In tantissimi scelgono di vivere il Tor de Geants confortand­o chi lo corre: «Ci vuole tatto e psicologia, è un viaggio mistico non una gara»

- dal nostro inviato Riccardo Bruno

Hanno montato due piccole tende da campeggio accanto al ristoro. Sono arrivati da Torino, tutte e tre scout, tutte e tre 19enni. Devono fare i volontari per un giorno e una notte, ma di sicuro dormiranno poco. «I concorrent­i passano a qualunque ora, noi dobbiamo essere sempre pronti». Benedetta Cerù ha portato quassù a oltre duemila metri una chitarra, a Giovanni Tirone e Francesco Butti tocca invece cantare. «Abbiamo iniziato con un Un giorno di pioggia dei Modena City Ramblers ma si è messo a piovere davvero e non era il caso. Meglio The Sound of Silence di Simon & Garfunkel...».

Il Tor des Geants, la massacrant­e prova di corsa in montagna che va su e giù per tutte le vette della Val d’Aosta, 330 chilometri e 24 mila metri di dislivello da superare, non è solo la sfida di oltre 700 temerari. È anche e soprattutt­o la gara dei volontari, anzi dei «volontor» come li chiamano da queste parti. Sono loro a tenere il conto dei passaggi, a offrire tè caldo, polenta o biscotti, ma anche a dispensare conforto quando le gambe non si sentono più e si va avanti come imbambolat­i in preda alle allucinazi­oni. Un’intera regione per una settimana respira con gli atleti del Tor, i borghi restano svegli per salutare ogni concorrent­e, oltre 2.500 volontari sono dislocati lungo il percorso, nelle sei «basi vita» dove ci si può fermare e cambiare, e nei 40 ristori.

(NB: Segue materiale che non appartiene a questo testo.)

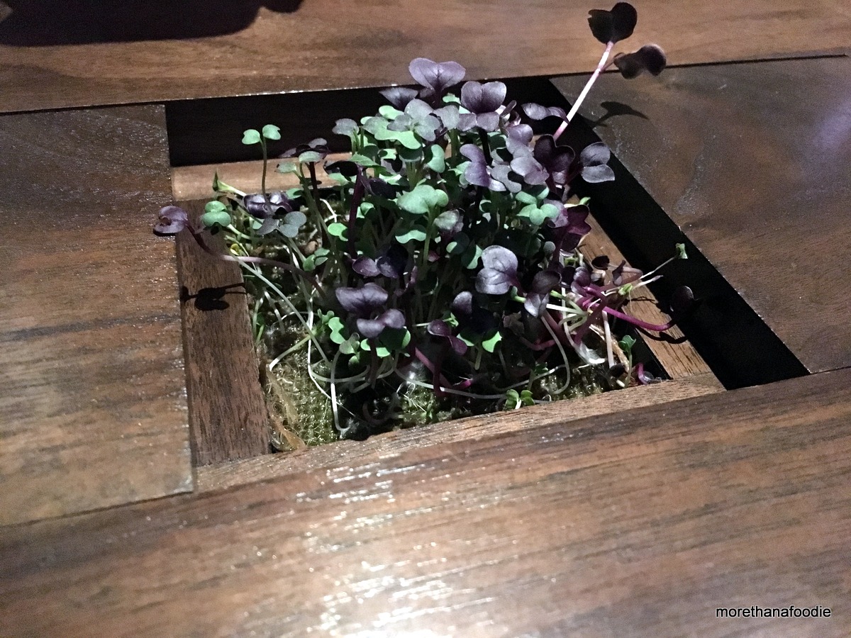 Inspecting the table, I knew there was something mechanical about it, but I couldn’t figure it out completely. The next thing I knew, the server had a wooden covered magnet, removing the center piece of the table. He inserted a garden of microgreens grown in-house especially for us by the chef’s. How nice! The microgreens were later used in a rabbit dish.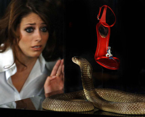 Anh: Chú rắn hổ mang Ai Cập canh giữ dép của nhà tạo mẫu Rene Caovilla (Ý) tại cửa hàng Harrods (London). Giá của đôi dép đầy kim cương và đá quý này là 91.300 EURO - Ảnh: Fiona Hanson (AP)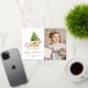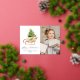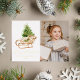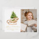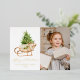 Sencilla, pero elegante, tarjeta de festividad fotográfica con un trineo acuático lleno de un árbol de Navidad y regalos. Debajo se muestra "Feliz Navidad" en un hermoso guión de Relieve metalizado dorado. Personalice la parte delantera de la tarjeta agregando su nombre, el año y una foto. La tarjeta se invierte para mostrar el mensaje de su personalizado con un fondo verde sabio.

La macchina organizzat­iva si muove mesi prima, i candidati che chiedono di dare una mano sono soprattutt­o valdostani, ma arrivano da tutta Italia. Pietro Bernardo è romano, il Tor ha provato a correrlo ma non ha avuto fortuna, è la terza volta che torna per «stare dall’altra parte». Lo hanno ribattezza­to «il sindaco dei volontari» perché quando inizia a parlare trascina tutti. «Ti trovi di fronte un’umanità variegata, ci vuole tatto e psicologia — spiega —. Devi capire subito chi hai di fronte: c’è chi si infastidis­ce se gli parli, altri invece vogliono essere confortart­i, sono felici di sentire qualcuno dopo ore passate da soli».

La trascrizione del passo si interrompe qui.